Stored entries
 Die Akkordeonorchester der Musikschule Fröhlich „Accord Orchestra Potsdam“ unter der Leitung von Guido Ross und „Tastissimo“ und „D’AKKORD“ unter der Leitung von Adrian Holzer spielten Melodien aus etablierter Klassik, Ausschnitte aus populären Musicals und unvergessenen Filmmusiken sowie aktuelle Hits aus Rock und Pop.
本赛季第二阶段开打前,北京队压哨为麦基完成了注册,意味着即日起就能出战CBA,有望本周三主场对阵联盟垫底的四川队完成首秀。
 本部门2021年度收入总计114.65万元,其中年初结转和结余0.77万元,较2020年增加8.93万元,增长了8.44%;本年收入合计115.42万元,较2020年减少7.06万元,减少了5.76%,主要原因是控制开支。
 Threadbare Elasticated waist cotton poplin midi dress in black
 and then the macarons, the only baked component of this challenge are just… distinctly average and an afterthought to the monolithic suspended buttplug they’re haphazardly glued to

...

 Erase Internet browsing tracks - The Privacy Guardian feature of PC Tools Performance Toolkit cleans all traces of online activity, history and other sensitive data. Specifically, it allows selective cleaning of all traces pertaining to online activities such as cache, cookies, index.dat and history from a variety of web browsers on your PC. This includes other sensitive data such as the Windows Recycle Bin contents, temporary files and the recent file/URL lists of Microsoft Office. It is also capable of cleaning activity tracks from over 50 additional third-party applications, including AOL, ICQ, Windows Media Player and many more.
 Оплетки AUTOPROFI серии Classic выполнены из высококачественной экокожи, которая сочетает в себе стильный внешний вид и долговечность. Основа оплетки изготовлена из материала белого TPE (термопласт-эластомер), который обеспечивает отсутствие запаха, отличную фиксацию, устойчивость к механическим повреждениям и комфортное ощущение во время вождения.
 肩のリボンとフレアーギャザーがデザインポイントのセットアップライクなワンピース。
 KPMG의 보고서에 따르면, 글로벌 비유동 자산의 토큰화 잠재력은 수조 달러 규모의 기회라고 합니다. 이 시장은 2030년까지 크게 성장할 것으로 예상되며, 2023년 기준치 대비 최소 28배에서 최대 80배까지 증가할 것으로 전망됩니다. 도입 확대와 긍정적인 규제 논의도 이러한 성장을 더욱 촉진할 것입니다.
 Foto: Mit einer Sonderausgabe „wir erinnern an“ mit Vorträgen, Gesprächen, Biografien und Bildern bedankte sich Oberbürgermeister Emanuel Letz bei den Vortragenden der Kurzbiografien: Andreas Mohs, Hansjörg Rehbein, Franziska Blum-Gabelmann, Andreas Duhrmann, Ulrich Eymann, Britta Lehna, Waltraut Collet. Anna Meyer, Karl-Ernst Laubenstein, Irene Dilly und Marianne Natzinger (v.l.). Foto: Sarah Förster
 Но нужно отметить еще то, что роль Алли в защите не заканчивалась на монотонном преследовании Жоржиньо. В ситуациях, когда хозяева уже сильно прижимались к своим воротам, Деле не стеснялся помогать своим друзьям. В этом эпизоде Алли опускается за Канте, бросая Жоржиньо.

**What to produce**
All lines above from the line with "本部门2021年度收入总计1" through the line with "and then the", both included, are to be set down exactly, with nothing else.

**Task solution**
 本部门2021年度收入总计114.65万元,其中年初结转和结余0.77万元,较2020年增加8.93万元,增长了8.44%;本年收入合计115.42万元,较2020年减少7.06万元,减少了5.76%,主要原因是控制开支。
 Threadbare Elasticated waist cotton poplin midi dress in black
 and then the macarons, the only baked component of this challenge are just… distinctly average and an afterthought to the monolithic suspended buttplug they’re haphazardly glued to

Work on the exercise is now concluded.